» **Task goal**: Set down again exactly the lines of the listing below that fall between the line holding "The Power Key" and the line holding "Our group of", inclusive.

» **Data under study**:

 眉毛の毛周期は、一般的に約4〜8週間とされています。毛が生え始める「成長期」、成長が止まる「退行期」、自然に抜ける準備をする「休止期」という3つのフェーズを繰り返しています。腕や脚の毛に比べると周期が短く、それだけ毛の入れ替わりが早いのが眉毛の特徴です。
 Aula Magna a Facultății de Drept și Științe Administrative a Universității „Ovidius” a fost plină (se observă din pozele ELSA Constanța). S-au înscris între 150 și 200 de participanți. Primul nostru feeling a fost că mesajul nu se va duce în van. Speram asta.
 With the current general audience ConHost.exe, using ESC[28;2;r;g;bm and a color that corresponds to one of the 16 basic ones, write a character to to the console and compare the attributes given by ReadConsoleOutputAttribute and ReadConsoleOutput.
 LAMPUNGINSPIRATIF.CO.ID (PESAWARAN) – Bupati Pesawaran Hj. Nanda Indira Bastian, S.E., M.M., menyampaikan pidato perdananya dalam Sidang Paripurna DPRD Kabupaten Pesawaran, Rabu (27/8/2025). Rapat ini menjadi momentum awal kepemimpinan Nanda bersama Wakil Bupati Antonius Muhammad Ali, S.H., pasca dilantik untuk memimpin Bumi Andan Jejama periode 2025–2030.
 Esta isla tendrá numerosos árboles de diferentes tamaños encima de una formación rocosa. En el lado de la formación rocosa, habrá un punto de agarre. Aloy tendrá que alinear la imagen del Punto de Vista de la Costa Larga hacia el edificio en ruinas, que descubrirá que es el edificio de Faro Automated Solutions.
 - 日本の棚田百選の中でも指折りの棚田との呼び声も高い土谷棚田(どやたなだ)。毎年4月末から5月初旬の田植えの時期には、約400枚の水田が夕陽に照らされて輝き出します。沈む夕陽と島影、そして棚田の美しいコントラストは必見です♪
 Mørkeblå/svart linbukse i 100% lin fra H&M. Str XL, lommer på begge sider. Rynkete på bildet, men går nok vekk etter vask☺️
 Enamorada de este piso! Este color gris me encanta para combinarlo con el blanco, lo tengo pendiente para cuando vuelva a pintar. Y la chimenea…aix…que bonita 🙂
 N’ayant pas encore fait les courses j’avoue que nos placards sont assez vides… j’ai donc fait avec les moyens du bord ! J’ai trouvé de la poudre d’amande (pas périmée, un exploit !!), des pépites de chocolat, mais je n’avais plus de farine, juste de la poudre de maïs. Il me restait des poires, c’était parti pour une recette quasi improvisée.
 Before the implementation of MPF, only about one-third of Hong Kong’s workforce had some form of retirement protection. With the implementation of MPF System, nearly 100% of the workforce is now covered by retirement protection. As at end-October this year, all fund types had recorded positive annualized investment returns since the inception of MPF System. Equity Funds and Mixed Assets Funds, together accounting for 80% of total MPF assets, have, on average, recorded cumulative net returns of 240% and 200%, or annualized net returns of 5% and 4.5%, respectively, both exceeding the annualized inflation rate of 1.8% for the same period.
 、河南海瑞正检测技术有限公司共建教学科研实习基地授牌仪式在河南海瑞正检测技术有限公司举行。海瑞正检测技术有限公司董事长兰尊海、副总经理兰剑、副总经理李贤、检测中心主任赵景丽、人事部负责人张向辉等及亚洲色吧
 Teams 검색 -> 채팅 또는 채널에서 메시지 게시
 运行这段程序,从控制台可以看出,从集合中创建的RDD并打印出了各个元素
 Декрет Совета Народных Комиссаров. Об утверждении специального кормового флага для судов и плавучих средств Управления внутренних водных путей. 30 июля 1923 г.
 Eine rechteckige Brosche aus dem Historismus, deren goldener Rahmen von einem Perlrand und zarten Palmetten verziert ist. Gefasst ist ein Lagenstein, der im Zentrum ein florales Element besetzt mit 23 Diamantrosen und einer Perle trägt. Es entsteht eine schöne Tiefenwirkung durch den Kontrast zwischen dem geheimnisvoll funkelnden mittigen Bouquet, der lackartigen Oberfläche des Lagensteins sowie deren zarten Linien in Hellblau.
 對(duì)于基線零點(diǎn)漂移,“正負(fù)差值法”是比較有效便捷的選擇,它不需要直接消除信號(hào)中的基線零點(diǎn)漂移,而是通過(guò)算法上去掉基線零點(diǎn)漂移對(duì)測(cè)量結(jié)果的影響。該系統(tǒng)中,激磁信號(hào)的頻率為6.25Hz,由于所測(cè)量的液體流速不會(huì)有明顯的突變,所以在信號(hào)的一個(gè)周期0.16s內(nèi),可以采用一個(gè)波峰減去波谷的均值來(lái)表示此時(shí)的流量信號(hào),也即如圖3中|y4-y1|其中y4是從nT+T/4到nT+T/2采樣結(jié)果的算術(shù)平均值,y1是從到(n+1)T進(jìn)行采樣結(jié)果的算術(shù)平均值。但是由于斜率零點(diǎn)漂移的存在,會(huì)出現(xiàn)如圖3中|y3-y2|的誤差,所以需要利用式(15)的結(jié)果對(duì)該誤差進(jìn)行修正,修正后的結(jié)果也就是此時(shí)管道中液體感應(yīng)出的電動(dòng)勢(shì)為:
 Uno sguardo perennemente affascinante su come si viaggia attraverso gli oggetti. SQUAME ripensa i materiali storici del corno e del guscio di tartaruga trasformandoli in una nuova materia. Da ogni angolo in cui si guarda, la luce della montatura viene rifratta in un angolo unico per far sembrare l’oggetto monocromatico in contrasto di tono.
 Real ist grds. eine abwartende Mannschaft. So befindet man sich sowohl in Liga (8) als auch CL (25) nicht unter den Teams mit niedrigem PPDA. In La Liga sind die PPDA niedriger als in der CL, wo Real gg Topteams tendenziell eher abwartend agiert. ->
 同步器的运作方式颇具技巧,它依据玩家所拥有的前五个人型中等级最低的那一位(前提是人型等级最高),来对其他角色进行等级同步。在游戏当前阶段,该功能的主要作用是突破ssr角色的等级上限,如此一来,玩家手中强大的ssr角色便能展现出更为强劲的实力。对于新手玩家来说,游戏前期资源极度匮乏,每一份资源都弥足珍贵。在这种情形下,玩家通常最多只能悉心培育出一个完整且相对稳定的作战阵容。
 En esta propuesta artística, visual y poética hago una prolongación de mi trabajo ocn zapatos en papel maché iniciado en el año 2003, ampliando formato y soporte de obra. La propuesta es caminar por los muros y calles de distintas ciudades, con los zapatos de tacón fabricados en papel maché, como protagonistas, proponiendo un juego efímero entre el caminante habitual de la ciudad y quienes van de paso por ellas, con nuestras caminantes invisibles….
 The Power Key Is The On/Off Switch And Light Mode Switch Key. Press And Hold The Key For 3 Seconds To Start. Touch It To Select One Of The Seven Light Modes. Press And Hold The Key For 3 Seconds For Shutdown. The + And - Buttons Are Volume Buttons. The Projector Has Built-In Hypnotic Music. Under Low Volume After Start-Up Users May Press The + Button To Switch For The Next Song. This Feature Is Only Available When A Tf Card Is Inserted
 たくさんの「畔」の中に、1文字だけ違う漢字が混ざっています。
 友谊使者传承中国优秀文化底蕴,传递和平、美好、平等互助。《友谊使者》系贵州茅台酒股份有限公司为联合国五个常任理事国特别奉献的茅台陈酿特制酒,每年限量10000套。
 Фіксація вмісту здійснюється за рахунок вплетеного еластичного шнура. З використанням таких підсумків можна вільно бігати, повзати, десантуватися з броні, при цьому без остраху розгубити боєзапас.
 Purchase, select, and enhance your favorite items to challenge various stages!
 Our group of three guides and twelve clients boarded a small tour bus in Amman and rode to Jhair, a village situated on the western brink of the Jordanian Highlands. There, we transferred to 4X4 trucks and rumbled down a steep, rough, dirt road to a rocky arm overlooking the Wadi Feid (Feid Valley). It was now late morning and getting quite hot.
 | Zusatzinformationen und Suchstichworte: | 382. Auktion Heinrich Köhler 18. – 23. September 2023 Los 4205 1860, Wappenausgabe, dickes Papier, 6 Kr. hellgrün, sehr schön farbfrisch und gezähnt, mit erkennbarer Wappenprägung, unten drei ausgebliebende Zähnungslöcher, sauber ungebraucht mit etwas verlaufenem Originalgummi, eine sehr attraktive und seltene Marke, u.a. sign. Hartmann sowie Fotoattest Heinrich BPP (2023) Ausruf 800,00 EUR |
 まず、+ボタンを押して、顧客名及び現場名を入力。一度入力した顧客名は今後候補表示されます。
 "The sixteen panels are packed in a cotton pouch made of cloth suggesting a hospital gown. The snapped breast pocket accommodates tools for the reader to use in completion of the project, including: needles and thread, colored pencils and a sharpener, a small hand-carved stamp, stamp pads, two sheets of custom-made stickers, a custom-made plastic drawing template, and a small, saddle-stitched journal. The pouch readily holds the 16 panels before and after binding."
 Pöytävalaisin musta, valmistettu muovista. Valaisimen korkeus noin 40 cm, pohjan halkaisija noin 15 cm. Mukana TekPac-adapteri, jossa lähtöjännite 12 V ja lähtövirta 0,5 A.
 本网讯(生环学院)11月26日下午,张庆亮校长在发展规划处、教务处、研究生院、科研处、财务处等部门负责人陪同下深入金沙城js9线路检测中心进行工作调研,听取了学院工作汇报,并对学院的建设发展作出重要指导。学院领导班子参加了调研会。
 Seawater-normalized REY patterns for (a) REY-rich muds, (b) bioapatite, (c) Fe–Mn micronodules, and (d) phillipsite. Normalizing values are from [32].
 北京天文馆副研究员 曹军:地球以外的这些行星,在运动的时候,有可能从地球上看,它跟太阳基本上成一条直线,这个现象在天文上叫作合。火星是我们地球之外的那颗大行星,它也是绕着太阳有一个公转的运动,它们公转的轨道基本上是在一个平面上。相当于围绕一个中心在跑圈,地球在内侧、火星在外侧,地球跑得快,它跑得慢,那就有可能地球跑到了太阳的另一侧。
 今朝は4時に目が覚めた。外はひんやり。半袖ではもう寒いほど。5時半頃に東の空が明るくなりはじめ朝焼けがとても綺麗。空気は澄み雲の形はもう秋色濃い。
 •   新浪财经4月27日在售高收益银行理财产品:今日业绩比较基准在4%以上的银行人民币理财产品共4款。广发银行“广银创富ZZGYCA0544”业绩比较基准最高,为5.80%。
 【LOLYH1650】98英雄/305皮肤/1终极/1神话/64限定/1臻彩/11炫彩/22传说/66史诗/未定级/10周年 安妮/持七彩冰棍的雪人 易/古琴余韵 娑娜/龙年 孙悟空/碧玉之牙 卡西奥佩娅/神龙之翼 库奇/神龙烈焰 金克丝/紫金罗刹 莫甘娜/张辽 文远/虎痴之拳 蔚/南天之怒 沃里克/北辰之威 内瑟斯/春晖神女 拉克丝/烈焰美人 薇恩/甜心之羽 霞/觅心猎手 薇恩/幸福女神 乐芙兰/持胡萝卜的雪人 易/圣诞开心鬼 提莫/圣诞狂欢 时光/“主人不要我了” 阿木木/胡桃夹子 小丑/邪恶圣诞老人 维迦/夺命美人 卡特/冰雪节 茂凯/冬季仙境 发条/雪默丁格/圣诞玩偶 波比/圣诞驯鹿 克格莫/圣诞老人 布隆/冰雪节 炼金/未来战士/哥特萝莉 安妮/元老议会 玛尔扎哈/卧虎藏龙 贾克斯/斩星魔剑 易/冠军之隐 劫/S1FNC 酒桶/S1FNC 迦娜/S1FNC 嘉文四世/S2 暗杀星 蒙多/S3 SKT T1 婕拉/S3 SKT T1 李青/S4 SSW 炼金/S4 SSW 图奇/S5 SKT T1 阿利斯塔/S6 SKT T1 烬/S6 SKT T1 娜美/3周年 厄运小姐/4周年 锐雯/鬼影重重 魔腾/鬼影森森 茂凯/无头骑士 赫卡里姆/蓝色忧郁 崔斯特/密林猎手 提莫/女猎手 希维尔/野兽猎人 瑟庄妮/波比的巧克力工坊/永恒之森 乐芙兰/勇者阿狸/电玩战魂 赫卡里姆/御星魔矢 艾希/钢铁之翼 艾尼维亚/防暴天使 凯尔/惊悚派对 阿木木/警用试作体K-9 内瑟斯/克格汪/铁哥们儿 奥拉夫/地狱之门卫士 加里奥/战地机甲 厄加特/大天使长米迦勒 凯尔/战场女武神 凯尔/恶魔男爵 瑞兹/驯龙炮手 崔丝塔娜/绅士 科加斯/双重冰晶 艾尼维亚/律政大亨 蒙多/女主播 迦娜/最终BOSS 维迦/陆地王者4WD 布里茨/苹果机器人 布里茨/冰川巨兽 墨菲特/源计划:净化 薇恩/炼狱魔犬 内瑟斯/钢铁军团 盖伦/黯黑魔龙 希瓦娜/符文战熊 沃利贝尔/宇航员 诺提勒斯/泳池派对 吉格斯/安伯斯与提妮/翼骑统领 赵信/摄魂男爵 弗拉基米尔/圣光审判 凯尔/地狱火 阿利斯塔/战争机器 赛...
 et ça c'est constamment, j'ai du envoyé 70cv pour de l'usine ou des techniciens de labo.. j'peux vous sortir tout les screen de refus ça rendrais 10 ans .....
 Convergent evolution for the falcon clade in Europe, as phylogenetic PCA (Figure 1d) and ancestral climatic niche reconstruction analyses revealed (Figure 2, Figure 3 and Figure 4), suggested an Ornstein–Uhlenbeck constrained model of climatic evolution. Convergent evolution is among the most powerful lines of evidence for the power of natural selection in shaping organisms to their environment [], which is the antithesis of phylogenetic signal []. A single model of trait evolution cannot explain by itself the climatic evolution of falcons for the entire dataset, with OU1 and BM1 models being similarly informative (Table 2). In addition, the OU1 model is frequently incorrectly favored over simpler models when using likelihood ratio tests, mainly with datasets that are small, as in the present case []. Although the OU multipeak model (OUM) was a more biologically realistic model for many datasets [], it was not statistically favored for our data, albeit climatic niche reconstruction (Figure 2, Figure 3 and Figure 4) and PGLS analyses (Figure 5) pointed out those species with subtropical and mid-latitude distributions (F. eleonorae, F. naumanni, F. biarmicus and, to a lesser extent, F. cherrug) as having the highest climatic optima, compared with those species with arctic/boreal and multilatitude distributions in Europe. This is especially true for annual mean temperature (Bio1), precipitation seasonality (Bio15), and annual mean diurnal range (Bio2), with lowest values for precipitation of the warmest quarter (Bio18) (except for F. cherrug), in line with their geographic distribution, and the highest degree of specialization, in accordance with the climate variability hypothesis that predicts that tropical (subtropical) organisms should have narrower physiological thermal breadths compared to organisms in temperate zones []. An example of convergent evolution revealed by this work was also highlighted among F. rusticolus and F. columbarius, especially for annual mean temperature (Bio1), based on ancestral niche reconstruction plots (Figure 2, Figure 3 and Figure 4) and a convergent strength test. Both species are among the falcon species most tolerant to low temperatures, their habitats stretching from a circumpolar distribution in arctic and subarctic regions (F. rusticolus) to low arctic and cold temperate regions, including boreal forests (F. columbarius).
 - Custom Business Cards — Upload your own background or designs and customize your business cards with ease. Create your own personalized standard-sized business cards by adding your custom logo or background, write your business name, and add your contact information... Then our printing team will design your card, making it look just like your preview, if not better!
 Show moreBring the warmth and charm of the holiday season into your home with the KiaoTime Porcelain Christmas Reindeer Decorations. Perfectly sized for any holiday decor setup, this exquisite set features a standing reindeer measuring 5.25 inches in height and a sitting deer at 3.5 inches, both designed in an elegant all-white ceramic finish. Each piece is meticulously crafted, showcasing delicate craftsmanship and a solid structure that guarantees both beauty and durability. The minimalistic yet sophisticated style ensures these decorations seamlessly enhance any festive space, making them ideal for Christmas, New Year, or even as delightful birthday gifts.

» **Finished task**:
 The Power Key Is The On/Off Switch And Light Mode Switch Key. Press And Hold The Key For 3 Seconds To Start. Touch It To Select One Of The Seven Light Modes. Press And Hold The Key For 3 Seconds For Shutdown. The + And - Buttons Are Volume Buttons. The Projector Has Built-In Hypnotic Music. Under Low Volume After Start-Up Users May Press The + Button To Switch For The Next Song. This Feature Is Only Available When A Tf Card Is Inserted
 たくさんの「畔」の中に、1文字だけ違う漢字が混ざっています。
 友谊使者传承中国优秀文化底蕴,传递和平、美好、平等互助。《友谊使者》系贵州茅台酒股份有限公司为联合国五个常任理事国特别奉献的茅台陈酿特制酒,每年限量10000套。
 Фіксація вмісту здійснюється за рахунок вплетеного еластичного шнура. З використанням таких підсумків можна вільно бігати, повзати, десантуватися з броні, при цьому без остраху розгубити боєзапас.
 Purchase, select, and enhance your favorite items to challenge various stages!
 Our group of three guides and twelve clients boarded a small tour bus in Amman and rode to Jhair, a village situated on the western brink of the Jordanian Highlands. There, we transferred to 4X4 trucks and rumbled down a steep, rough, dirt road to a rocky arm overlooking the Wadi Feid (Feid Valley). It was now late morning and getting quite hot.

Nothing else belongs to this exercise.